Le Pur et l’Impur : Figurations de la souillure et aspirations à la pureté dans la littérature, du Moyen Âge à nos jours (Amiens)
Colloque national de jeunes chercheurs
Université de Picardie Jules Verne,
Amiens, 24-25 septembre 2019 – Logis du Roy, square Jules Bocquet, 80000 Amiens
Colloque organisé par les laboratoires CERCLL et TRAME, ED 586
Présentation
L’aspiration à la pureté s’accompagne invariablement de la déploration d’une perte ou d’un inachèvement. La pureté s’inscrit toujours implicitement dans un récit tendu entre des directions opposées. Ce récit s’est longtemps déployé dans le cadre d’une anthropologie chrétienne de chute symbolique où le présent n’est plus qu’une marche laborieuse vers un avenir qui signera le retour vers la pureté originelle – rêvée et fantasmée – d’un temps mythique. Mais depuis le XIXe siècle, ce récit est désormais de plus en plus informé par une anthropologie évolutionniste où l’homme tente de s’arracher à son impureté originelle grâce au processus de civilisation historique, mais manque toujours d’y retomber.

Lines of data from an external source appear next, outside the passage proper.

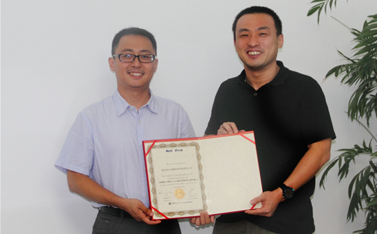 ? ? ? ? ? ? ? ? ? ? ? ? ? ? ? ?圖為主任評(píng)估師劉海笑為卓越科技頒發(fā)CMMI3認(rèn)證證書
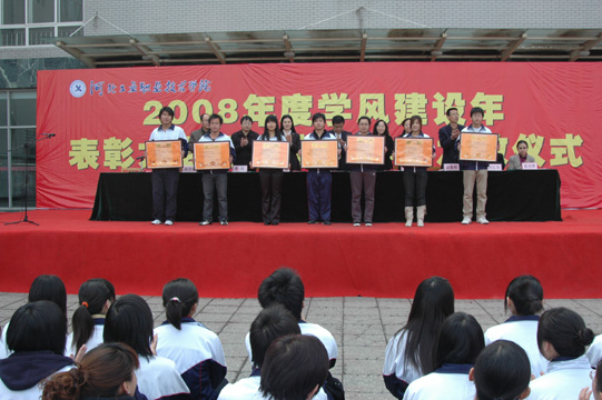 大会宣读了“2008年度学风建设年活动”先进集体和个人表彰名单,同时希望获奖学生面对荣誉戒骄戒躁,成绩代表过去,更应放眼未来,继续努力学习,发挥模范作用,为学院和社会做出更大贡献。
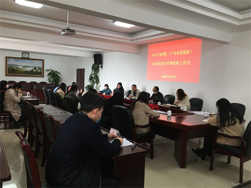 为全面贯彻落实《小平干部学院(广安市委党校)关于成立院(校)提质工作领导小组的通知》小平干院[2020]15号文件精神,深化教学管理提质工作。3月10日,专职院(校)务委员蒋树刚主持召开了教学管理提质工作会 ,工作组的全体成员参加了会议。
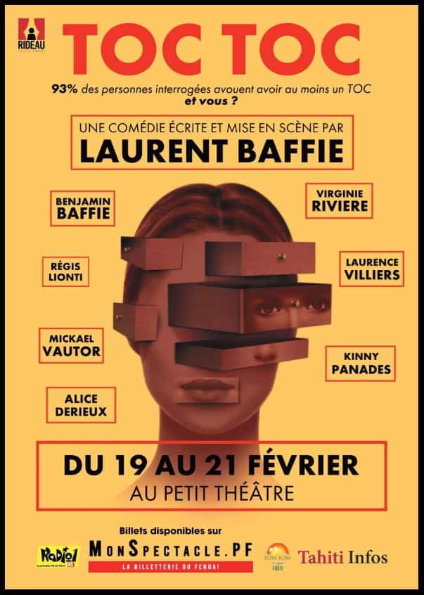 Dernière représentation de la session de février pour Toc Toc. Tarifs 4200-4900 XPF. Infos : https://www.monspectacle.pf/
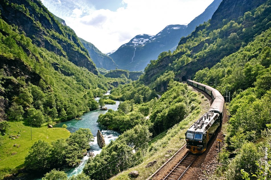 Zeitig am Morgen fahren Sie in die spektakuläre Fjordregion Norwegens. Durch den 24 km langen Lærdalstunnel erreichen Sie Flåm am Aurlandsfjord. Hier haben Sie die Möglichkeit, mit der berühmten Flåmbahn (nicht inkludiert) nach Myrdal zu fahren. Die Strecke führt Sie auf 866 Meter Seehöhe und zählt zu den schönsten Bahnstrecken Skandinaviens. Anschließend fahren Sie entlang der Bergenbahnstrecke durch die Hochebene Hardangervidda nach Geilo, wo der Bus schon auf Sie wartet. Übernachtung im Raum Geilo.
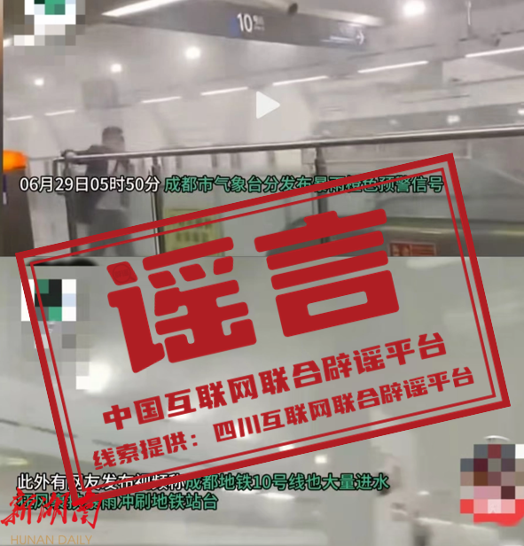 真相: 6月29日,有网民发布视频称,“成都地铁10号线大量进水,狂风裹挟暴雨冲刷地铁站台”,引发讨论。成都地铁官方微博当日发布信息称,目前成都地铁全线网运营秩序正常,所有出入口正常开放。针对网络上传播“成都地铁10号线大量进水”等视频信息,经核实,该视频画面非当日真实情况,请广大市民乘客放心乘坐。(来源:“成都网络辟谣”微信公众号、@成都地铁)

Ineffable, la pureté ne semble pas exister, pas même chez le saint, sinon comme idéal régulateur. Comme le conclut Colette dans son essai intitulé Le Pur et l’impur, « le mot pur ne m’a pas découvert son sens intelligible ». Le réel au contraire permet de dire l’impureté, des corps, des intentions, car il est le lieu par excellence du mélange, des compromis et des ambivalences, du devenir et de la corruption. Les jugements de pureté et d’impureté engagent ainsi tout un système symbolique dont les implications métaphysiques, philosophiques, morales, politiques et esthétiques doivent être questionnées, et qui, loin d’être considérés comme des objets immuables, doivent être historicisés.
Ce colloque de jeunes chercheurs se propose donc d’étudier les différentes constructions des notions de pureté et d’impureté en littérature, et selon un vaste spectre temporel, du Moyen Âge à nos jours.
Axes
La réflexion pourra s’articuler autour d’une ou plusieurs de ces problématiques :
- Figurations : Comment les textes représentent-ils le couple du pur et de l’impur ? Comment le pur et l’impur se donnent-ils à lire ou à voir ? Quelles sont les preuves qui permettent de conclure à l’un ou l’autre et comment s’y lient le corps et l’âme, le physique et le moral ? Une attention particulière pourra être portée aux représentations de figures archétypales de la pureté et/ou de l’impureté telles que les saints, les bâtards ou certaines minorités comme les juifs, les lépreux et les sorcières dans les littératures médiévales et modernes.
- Écriture : Comment les représentations de la souillure et d’une éventuelle purification informent-elles les structures et thèmes des récits du Moyen Âge à nos jours ? Est-il possible de noter des inflexions en fonction des périodes et des genres littéraires ? Ces représentations peuvent-elles se concevoir en dehors de l’anthropologie chrétienne de la chute et de la rédemption ? La référence chrétienne est-elle systématiquement engagée dans la pensée de cette dialectique de la souillure et de la purification ?
- Enjeux politiques et polémiques : les discours sur la pureté et l’impureté sont loin de se limiter à la stricte sphère spirituelle, ils irriguent les représentations sociales et les discours politiques et polémiques, qu’il s’agisse de la pureté du sang en régime monarchique, ou de celle de la race à partir du XIXe, en passant par la construction du « sang impur » des ennemis de la Nation qu’invite à combattre La Marseillaise. On pourra donc se demander comment les textes font de la pureté un usage polémique voire pamphlétaire, et comment le couple du pur et de l’impur est réinvesti en fonction des différents contextes politiques et/religieux propres à chaque époque.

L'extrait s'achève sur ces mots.